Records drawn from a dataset
----------
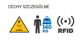 - Zabezpieczenie dla maksymalnej wagi użytkownika 140 kg (wraz z wyposażeniem i narzędziami)
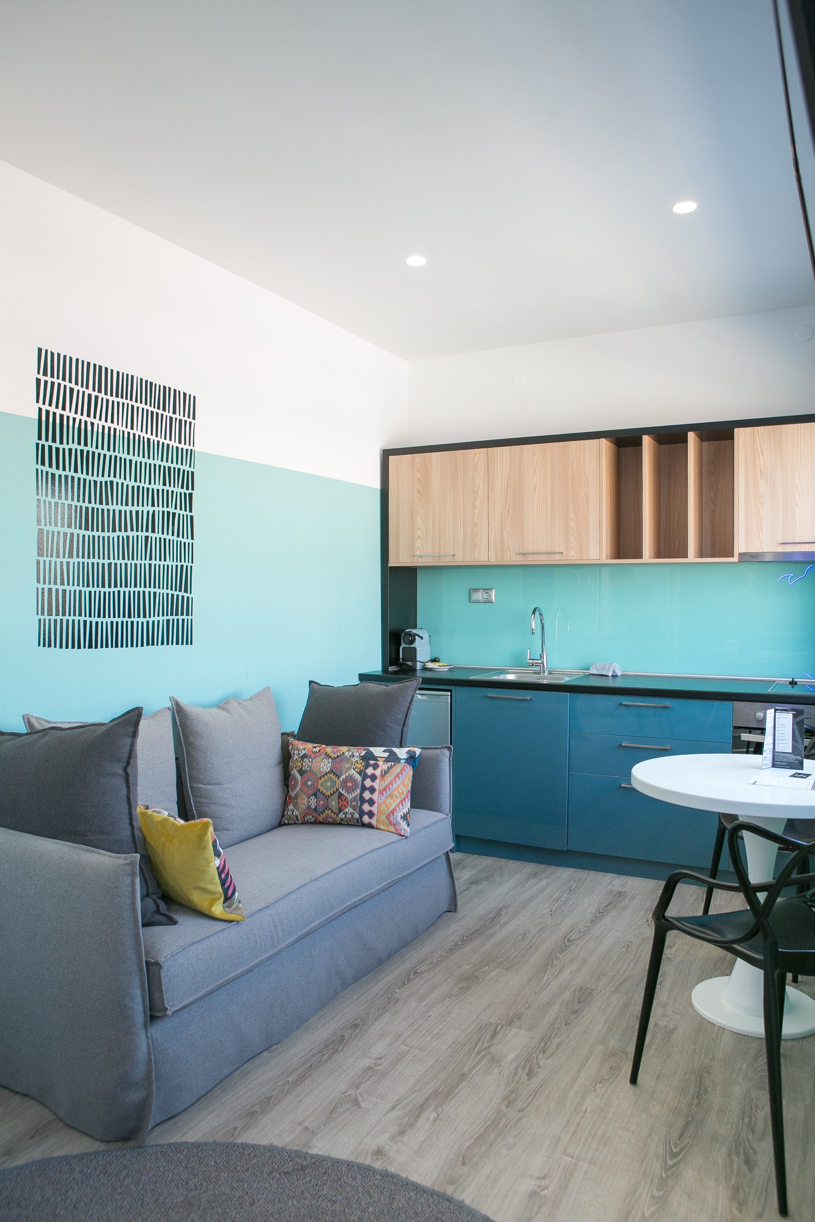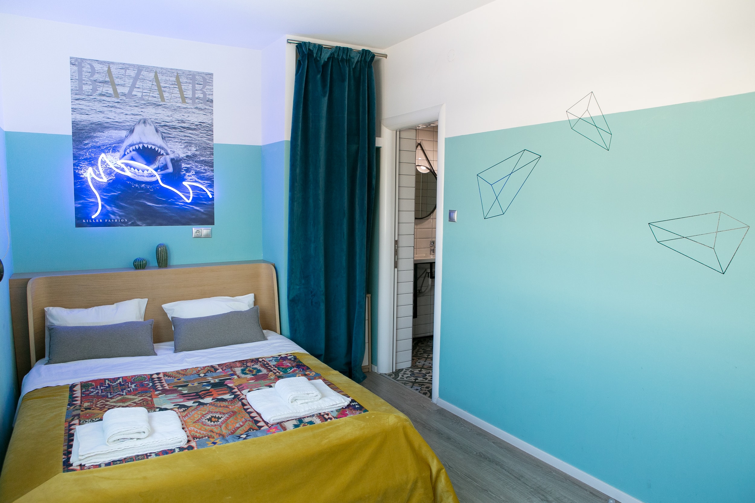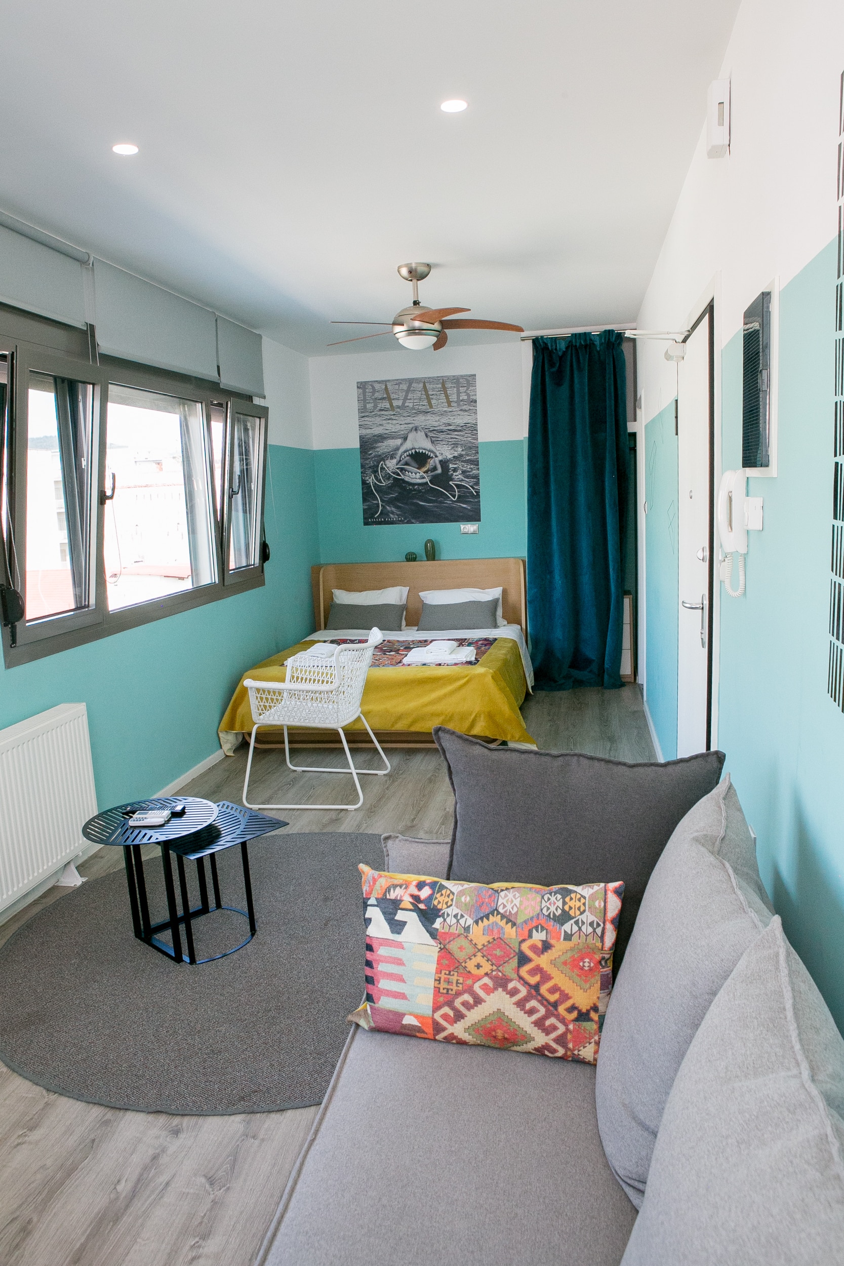 Mazi Rooms 7.1 apartment is recently renovated according to the standards of a modern, fully equipped, functional space which can accommodate two adults plus 1-2 children. The contemporary and open-concept room design is mostly white, but blocks of color and materials have been used to define various areas throughout the interior.
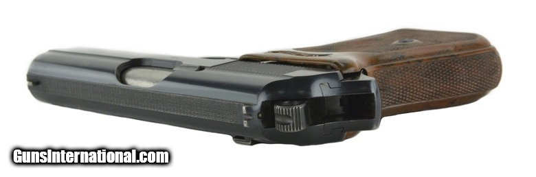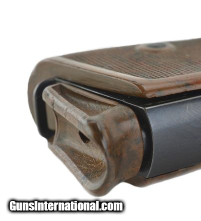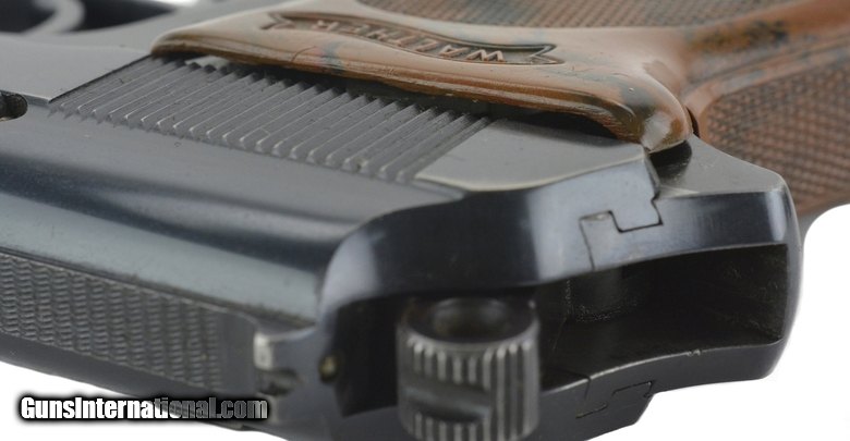 Description: Walther PPK .32 ACP caliber pistol. RZM marked PPK with 90 degree safety lever. Bore is excellent. Action works perfectly. Grips have no chips or cracks. Gun has the finger extension magazine. A Great many PPK’s have warped grips, some more so than others. This gun has minor warping that does not detract from the overall very fine appearance of the gun.
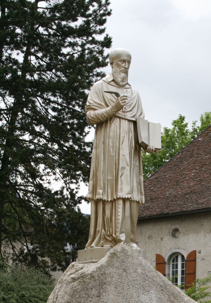 Statue vor der Pfarrkirche in Thorens, Frankreich. Aufgestellt zur Erinnerung an das 400. Jährige Jubiläum seiner Bischofsweihe (8.12.1602-8.12.2002)
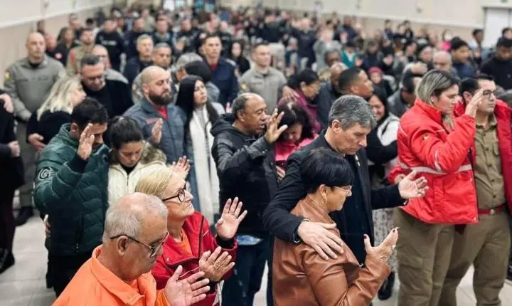A Igreja Universal de Tramandaí promoveu neste domingo (24) a Concentração de Fé e Milagres, evento marcado por momentos de oração, reflexão e uma homenagem especial aos órgãos de segurança que atuam diariamente na proteção da população. A cerimônia foi realizada na sede da instituição, localizada na Avenida Fernandes Bastos, no Centro da cidade.
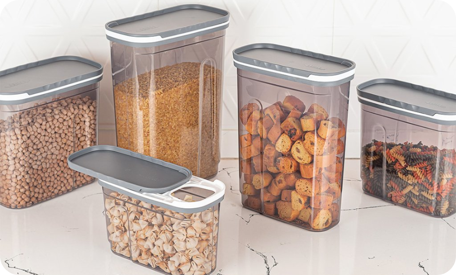 Kto to nepozná – prinesiete z obchodu balík múky, položíte ho do špajze a za pár dní už je vrecko natrhnuté, polovica obsahu vysypaná av horšom prípade aj nevítaní návštevníci v podobe molí. Rovnako to dopadá s ryžou, cestovinami alebo šošovkou. Výsledok? Neprehľadná skriňa, rozsypané zásoby a žiadna radosť z varenia. Pritom riešenie je jednoduché: násypné dózy, ktoré urobia z chaosu systém.
----------
#### [EXERCISE OBJECTIVE]
Each line from the first line of the records through the line containing "Description: Walther PPK" must be reproduced exactly, with both ends included and all pictures omitted; nothing else belongs in the answer.

#### [YOUR SOLUTION]
 - Zabezpieczenie dla maksymalnej wagi użytkownika 140 kg (wraz z wyposażeniem i narzędziami)
 Mazi Rooms 7.1 apartment is recently renovated according to the standards of a modern, fully equipped, functional space which can accommodate two adults plus 1-2 children. The contemporary and open-concept room design is mostly white, but blocks of color and materials have been used to define various areas throughout the interior.
 Description: Walther PPK .32 ACP caliber pistol. RZM marked PPK with 90 degree safety lever. Bore is excellent. Action works perfectly. Grips have no chips or cracks. Gun has the finger extension magazine. A Great many PPK’s have warped grips, some more so than others. This gun has minor warping that does not detract from the overall very fine appearance of the gun.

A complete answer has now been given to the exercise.